§ **Data section**

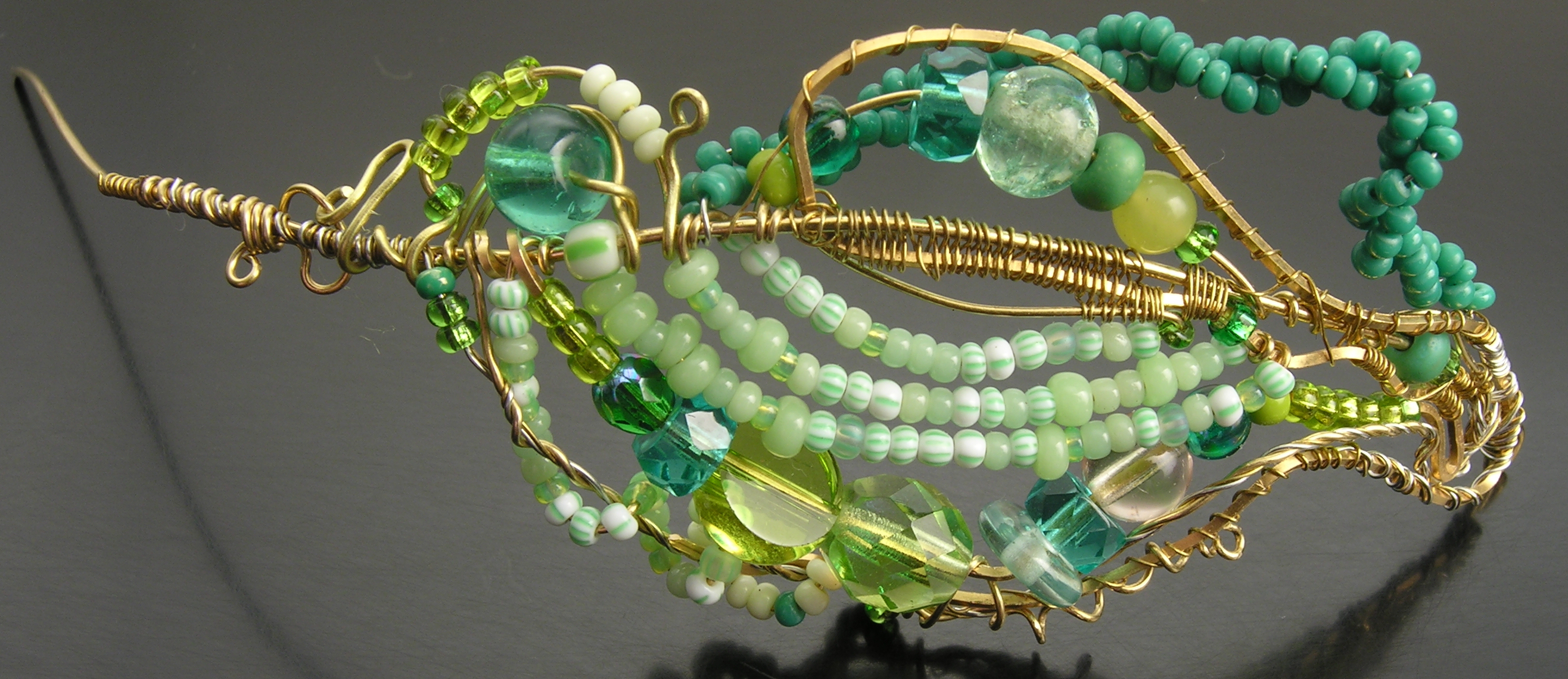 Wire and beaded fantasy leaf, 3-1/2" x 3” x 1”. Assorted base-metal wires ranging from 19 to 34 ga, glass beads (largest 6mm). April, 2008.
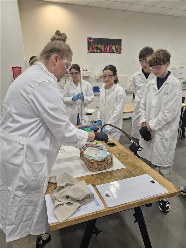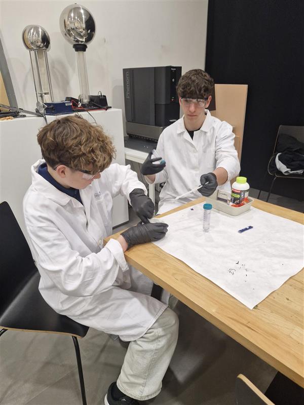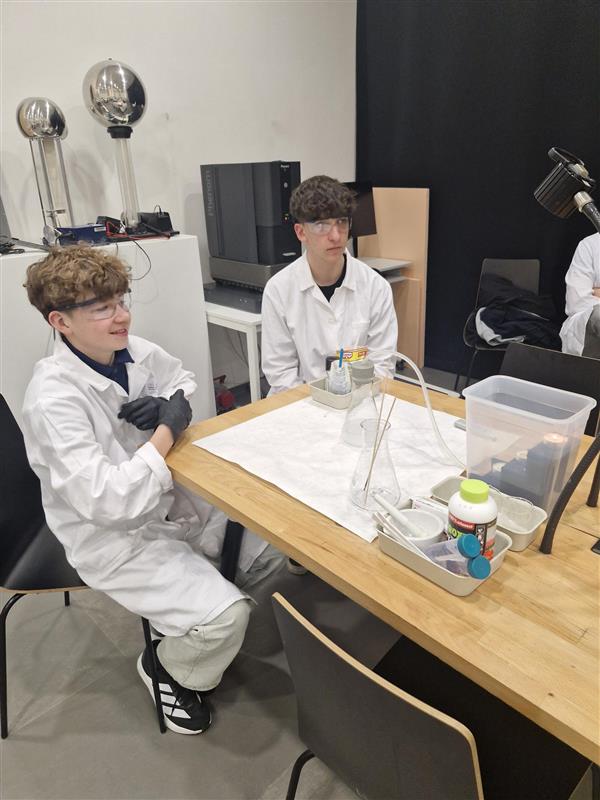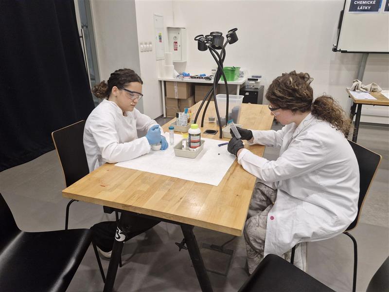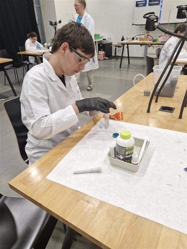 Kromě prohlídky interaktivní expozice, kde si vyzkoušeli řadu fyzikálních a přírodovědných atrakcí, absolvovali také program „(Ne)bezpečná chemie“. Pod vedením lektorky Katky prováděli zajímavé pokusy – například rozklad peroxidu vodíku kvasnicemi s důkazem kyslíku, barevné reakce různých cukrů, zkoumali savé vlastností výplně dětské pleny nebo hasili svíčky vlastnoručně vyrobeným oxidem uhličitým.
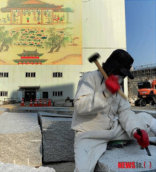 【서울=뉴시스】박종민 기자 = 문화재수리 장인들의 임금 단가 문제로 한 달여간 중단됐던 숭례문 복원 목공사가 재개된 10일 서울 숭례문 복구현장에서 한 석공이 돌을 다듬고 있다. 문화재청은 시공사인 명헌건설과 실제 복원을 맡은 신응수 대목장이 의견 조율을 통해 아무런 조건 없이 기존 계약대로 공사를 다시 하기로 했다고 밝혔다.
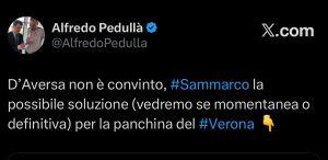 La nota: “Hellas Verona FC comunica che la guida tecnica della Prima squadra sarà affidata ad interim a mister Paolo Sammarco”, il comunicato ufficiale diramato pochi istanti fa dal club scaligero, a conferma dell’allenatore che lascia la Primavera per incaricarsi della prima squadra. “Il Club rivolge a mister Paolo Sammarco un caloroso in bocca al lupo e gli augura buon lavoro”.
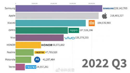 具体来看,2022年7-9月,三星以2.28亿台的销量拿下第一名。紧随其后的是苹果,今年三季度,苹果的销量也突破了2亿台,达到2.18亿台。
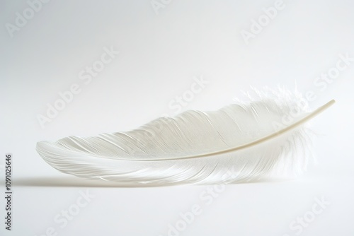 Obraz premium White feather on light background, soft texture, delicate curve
---
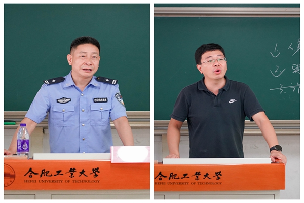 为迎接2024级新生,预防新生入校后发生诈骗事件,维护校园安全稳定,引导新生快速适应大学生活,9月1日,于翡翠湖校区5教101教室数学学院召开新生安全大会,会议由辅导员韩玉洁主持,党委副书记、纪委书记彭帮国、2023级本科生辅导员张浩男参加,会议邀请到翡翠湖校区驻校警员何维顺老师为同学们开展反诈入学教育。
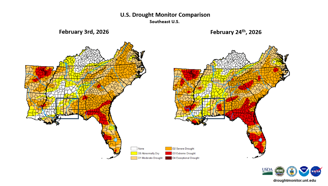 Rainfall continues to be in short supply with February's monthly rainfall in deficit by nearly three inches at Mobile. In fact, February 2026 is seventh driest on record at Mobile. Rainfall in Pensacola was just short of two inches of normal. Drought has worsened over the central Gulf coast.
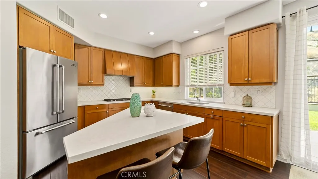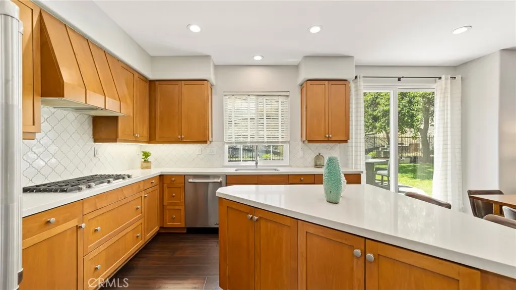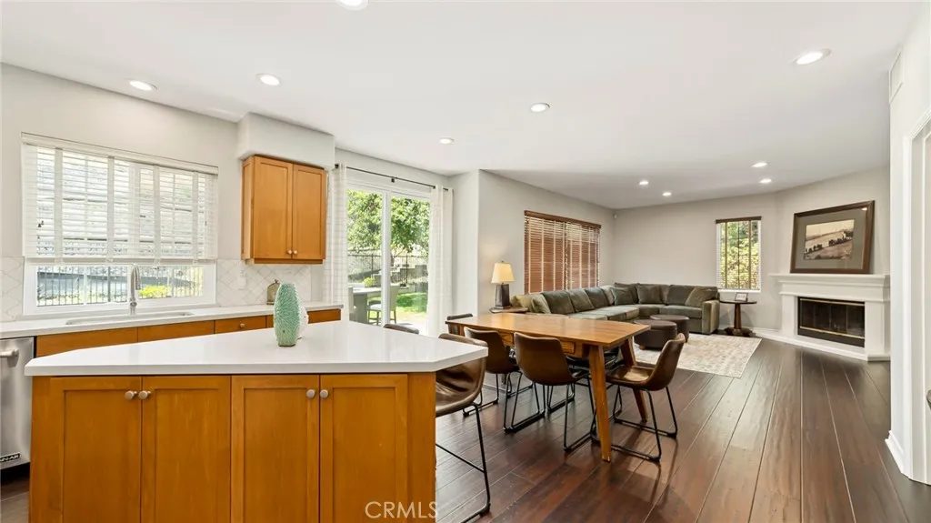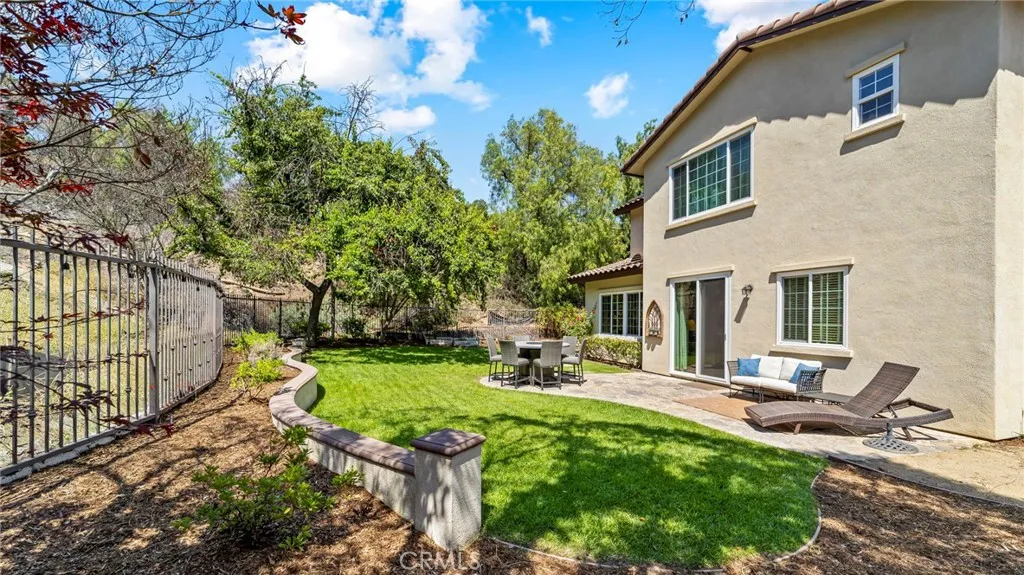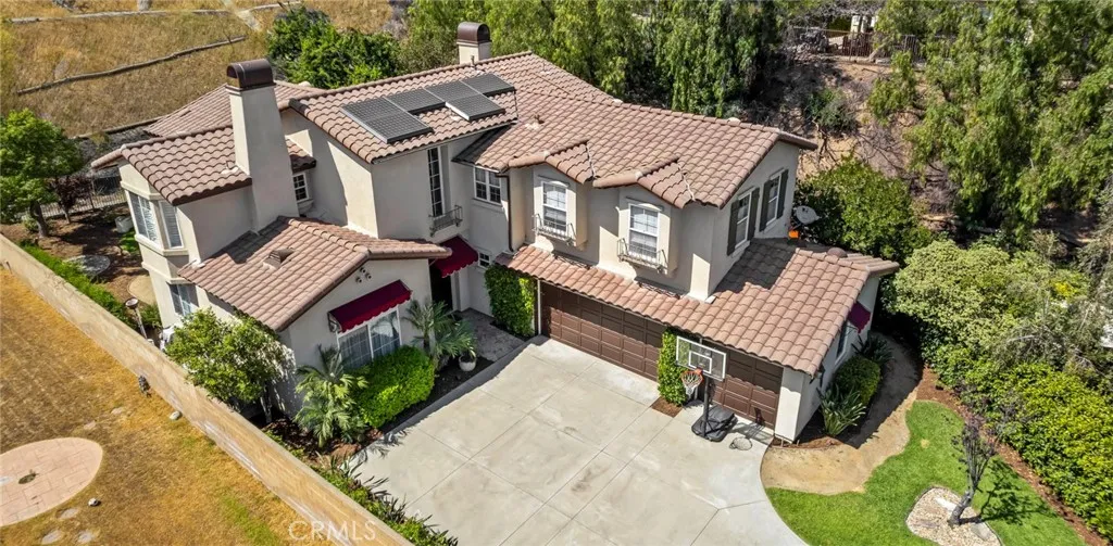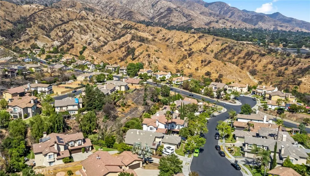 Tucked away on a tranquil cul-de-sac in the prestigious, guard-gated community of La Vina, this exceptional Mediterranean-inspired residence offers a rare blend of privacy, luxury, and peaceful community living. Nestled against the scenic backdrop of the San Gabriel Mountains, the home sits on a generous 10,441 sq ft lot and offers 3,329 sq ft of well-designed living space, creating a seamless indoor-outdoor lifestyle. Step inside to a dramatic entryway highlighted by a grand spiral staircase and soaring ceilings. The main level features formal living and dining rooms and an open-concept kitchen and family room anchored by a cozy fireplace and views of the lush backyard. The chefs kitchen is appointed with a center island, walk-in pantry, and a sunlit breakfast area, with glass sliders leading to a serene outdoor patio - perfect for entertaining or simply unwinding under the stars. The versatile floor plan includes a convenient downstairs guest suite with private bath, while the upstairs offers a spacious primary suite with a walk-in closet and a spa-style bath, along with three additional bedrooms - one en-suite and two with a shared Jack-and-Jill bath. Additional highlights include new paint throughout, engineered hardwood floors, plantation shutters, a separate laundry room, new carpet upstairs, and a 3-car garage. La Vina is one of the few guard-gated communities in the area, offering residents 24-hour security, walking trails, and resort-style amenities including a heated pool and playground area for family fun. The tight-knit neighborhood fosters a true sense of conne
---
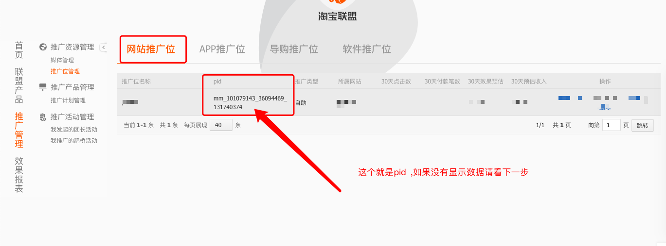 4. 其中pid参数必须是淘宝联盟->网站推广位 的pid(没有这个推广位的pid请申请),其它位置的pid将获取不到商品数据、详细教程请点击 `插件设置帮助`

§ **Problem statement**
Excerpt from the records above: set down only the lines from the one that contains "具体来看,2022年7-9月" through the one that contains "Obraz premium White", inclusive, word for word. Pictures stay out.

§ **Result of this task**
 具体来看,2022年7-9月,三星以2.28亿台的销量拿下第一名。紧随其后的是苹果,今年三季度,苹果的销量也突破了2亿台,达到2.18亿台。
 Obraz premium White feather on light background, soft texture, delicate curve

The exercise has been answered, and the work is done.